**Action item**
Your answer should hold exactly the lines below from the line with "Broche en platine, ornée" through the line with "Baby Day Care play", both included, and no pictures at all.

**Entries shown**
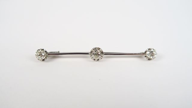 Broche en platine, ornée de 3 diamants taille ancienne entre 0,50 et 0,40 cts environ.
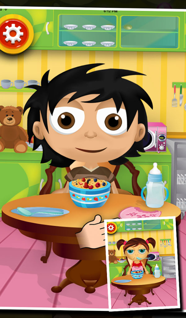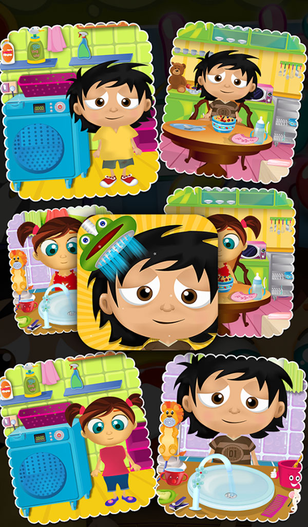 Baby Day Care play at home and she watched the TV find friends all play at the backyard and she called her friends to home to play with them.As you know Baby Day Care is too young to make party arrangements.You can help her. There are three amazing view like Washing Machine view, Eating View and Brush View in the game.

==

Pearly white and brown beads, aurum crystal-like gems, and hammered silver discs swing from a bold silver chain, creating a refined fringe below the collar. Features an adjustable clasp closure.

**Answer to this exercise**
 Broche en platine, ornée de 3 diamants taille ancienne entre 0,50 et 0,40 cts environ.
 Baby Day Care play at home and she watched the TV find friends all play at the backyard and she called her friends to home to play with them.As you know Baby Day Care is too young to make party arrangements.You can help her. There are three amazing view like Washing Machine view, Eating View and Brush View in the game.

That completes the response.